- **REQUIREMENT**
Make a verbatim copy of all the records.

════════

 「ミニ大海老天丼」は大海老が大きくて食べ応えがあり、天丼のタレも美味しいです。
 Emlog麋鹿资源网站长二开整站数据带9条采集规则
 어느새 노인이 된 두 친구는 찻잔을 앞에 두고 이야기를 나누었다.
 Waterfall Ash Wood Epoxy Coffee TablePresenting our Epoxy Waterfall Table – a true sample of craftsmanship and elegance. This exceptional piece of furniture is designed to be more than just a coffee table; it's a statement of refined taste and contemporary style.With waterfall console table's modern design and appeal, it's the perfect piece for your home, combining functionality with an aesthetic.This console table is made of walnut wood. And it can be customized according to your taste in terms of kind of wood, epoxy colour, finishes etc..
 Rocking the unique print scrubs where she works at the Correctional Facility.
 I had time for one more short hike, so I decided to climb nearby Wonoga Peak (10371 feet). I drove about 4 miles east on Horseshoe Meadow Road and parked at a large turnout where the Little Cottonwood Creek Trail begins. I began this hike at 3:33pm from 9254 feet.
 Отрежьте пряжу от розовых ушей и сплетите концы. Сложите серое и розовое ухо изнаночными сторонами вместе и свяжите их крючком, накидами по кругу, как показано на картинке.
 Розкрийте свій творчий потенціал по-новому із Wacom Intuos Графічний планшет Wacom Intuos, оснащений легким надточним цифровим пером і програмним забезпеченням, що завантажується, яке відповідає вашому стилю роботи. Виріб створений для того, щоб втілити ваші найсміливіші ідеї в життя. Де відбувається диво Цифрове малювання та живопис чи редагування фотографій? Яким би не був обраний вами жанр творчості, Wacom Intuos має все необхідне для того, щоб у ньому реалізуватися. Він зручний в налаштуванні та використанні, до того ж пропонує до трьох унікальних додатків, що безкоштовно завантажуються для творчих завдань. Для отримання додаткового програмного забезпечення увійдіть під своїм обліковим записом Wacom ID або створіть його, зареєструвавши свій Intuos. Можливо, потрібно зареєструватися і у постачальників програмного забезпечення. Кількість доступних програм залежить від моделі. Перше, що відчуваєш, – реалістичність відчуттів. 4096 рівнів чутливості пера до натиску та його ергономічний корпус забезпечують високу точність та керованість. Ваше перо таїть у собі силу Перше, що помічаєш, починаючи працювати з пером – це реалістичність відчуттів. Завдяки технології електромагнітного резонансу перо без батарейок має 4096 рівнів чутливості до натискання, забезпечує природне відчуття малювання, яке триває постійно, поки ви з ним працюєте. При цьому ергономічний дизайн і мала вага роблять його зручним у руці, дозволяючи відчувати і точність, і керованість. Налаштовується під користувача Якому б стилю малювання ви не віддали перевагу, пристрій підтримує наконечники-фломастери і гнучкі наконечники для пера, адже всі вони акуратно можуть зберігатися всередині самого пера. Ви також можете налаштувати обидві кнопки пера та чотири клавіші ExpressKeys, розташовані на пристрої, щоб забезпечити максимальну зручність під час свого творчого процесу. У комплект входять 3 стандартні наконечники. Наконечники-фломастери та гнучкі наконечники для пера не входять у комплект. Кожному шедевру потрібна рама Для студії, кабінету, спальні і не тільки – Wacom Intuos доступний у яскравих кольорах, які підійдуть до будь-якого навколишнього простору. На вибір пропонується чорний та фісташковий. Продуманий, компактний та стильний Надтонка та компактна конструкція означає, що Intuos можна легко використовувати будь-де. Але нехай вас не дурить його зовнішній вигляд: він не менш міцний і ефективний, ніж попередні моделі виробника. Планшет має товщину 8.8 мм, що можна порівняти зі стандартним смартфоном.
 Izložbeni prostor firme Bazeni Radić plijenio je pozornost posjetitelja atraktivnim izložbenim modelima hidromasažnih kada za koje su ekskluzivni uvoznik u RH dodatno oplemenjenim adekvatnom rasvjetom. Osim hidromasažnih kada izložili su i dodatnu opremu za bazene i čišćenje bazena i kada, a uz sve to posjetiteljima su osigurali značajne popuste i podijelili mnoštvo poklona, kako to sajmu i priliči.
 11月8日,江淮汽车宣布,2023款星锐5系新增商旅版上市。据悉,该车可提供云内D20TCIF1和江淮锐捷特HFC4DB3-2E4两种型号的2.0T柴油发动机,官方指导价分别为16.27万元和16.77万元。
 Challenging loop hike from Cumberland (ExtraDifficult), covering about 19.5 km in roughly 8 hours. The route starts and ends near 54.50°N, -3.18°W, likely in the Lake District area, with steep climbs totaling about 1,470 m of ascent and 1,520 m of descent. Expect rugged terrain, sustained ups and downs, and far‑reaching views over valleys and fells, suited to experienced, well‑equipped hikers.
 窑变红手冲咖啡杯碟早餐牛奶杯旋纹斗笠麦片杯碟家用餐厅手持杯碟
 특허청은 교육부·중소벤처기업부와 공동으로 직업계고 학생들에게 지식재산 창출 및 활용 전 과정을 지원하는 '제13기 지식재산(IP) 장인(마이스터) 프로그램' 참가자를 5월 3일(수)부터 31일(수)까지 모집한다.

════════

- **EXERCISE ANSWER**
 「ミニ大海老天丼」は大海老が大きくて食べ応えがあり、天丼のタレも美味しいです。
 Emlog麋鹿资源网站长二开整站数据带9条采集规则
 어느새 노인이 된 두 친구는 찻잔을 앞에 두고 이야기를 나누었다.
 Waterfall Ash Wood Epoxy Coffee TablePresenting our Epoxy Waterfall Table – a true sample of craftsmanship and elegance. This exceptional piece of furniture is designed to be more than just a coffee table; it's a statement of refined taste and contemporary style.With waterfall console table's modern design and appeal, it's the perfect piece for your home, combining functionality with an aesthetic.This console table is made of walnut wood. And it can be customized according to your taste in terms of kind of wood, epoxy colour, finishes etc..
 Rocking the unique print scrubs where she works at the Correctional Facility.
 I had time for one more short hike, so I decided to climb nearby Wonoga Peak (10371 feet). I drove about 4 miles east on Horseshoe Meadow Road and parked at a large turnout where the Little Cottonwood Creek Trail begins. I began this hike at 3:33pm from 9254 feet.
 Отрежьте пряжу от розовых ушей и сплетите концы. Сложите серое и розовое ухо изнаночными сторонами вместе и свяжите их крючком, накидами по кругу, как показано на картинке.
 Розкрийте свій творчий потенціал по-новому із Wacom Intuos Графічний планшет Wacom Intuos, оснащений легким надточним цифровим пером і програмним забезпеченням, що завантажується, яке відповідає вашому стилю роботи. Виріб створений для того, щоб втілити ваші найсміливіші ідеї в життя. Де відбувається диво Цифрове малювання та живопис чи редагування фотографій? Яким би не був обраний вами жанр творчості, Wacom Intuos має все необхідне для того, щоб у ньому реалізуватися. Він зручний в налаштуванні та використанні, до того ж пропонує до трьох унікальних додатків, що безкоштовно завантажуються для творчих завдань. Для отримання додаткового програмного забезпечення увійдіть під своїм обліковим записом Wacom ID або створіть його, зареєструвавши свій Intuos. Можливо, потрібно зареєструватися і у постачальників програмного забезпечення. Кількість доступних програм залежить від моделі. Перше, що відчуваєш, – реалістичність відчуттів. 4096 рівнів чутливості пера до натиску та його ергономічний корпус забезпечують високу точність та керованість. Ваше перо таїть у собі силу Перше, що помічаєш, починаючи працювати з пером – це реалістичність відчуттів. Завдяки технології електромагнітного резонансу перо без батарейок має 4096 рівнів чутливості до натискання, забезпечує природне відчуття малювання, яке триває постійно, поки ви з ним працюєте. При цьому ергономічний дизайн і мала вага роблять його зручним у руці, дозволяючи відчувати і точність, і керованість. Налаштовується під користувача Якому б стилю малювання ви не віддали перевагу, пристрій підтримує наконечники-фломастери і гнучкі наконечники для пера, адже всі вони акуратно можуть зберігатися всередині самого пера. Ви також можете налаштувати обидві кнопки пера та чотири клавіші ExpressKeys, розташовані на пристрої, щоб забезпечити максимальну зручність під час свого творчого процесу. У комплект входять 3 стандартні наконечники. Наконечники-фломастери та гнучкі наконечники для пера не входять у комплект. Кожному шедевру потрібна рама Для студії, кабінету, спальні і не тільки – Wacom Intuos доступний у яскравих кольорах, які підійдуть до будь-якого навколишнього простору. На вибір пропонується чорний та фісташковий. Продуманий, компактний та стильний Надтонка та компактна конструкція означає, що Intuos можна легко використовувати будь-де. Але нехай вас не дурить його зовнішній вигляд: він не менш міцний і ефективний, ніж попередні моделі виробника. Планшет має товщину 8.8 мм, що можна порівняти зі стандартним смартфоном.
 Izložbeni prostor firme Bazeni Radić plijenio je pozornost posjetitelja atraktivnim izložbenim modelima hidromasažnih kada za koje su ekskluzivni uvoznik u RH dodatno oplemenjenim adekvatnom rasvjetom. Osim hidromasažnih kada izložili su i dodatnu opremu za bazene i čišćenje bazena i kada, a uz sve to posjetiteljima su osigurali značajne popuste i podijelili mnoštvo poklona, kako to sajmu i priliči.
 11月8日,江淮汽车宣布,2023款星锐5系新增商旅版上市。据悉,该车可提供云内D20TCIF1和江淮锐捷特HFC4DB3-2E4两种型号的2.0T柴油发动机,官方指导价分别为16.27万元和16.77万元。
 Challenging loop hike from Cumberland (ExtraDifficult), covering about 19.5 km in roughly 8 hours. The route starts and ends near 54.50°N, -3.18°W, likely in the Lake District area, with steep climbs totaling about 1,470 m of ascent and 1,520 m of descent. Expect rugged terrain, sustained ups and downs, and far‑reaching views over valleys and fells, suited to experienced, well‑equipped hikers.
 窑变红手冲咖啡杯碟早餐牛奶杯旋纹斗笠麦片杯碟家用餐厅手持杯碟
 특허청은 교육부·중소벤처기업부와 공동으로 직업계고 학생들에게 지식재산 창출 및 활용 전 과정을 지원하는 '제13기 지식재산(IP) 장인(마이스터) 프로그램' 참가자를 5월 3일(수)부터 31일(수)까지 모집한다.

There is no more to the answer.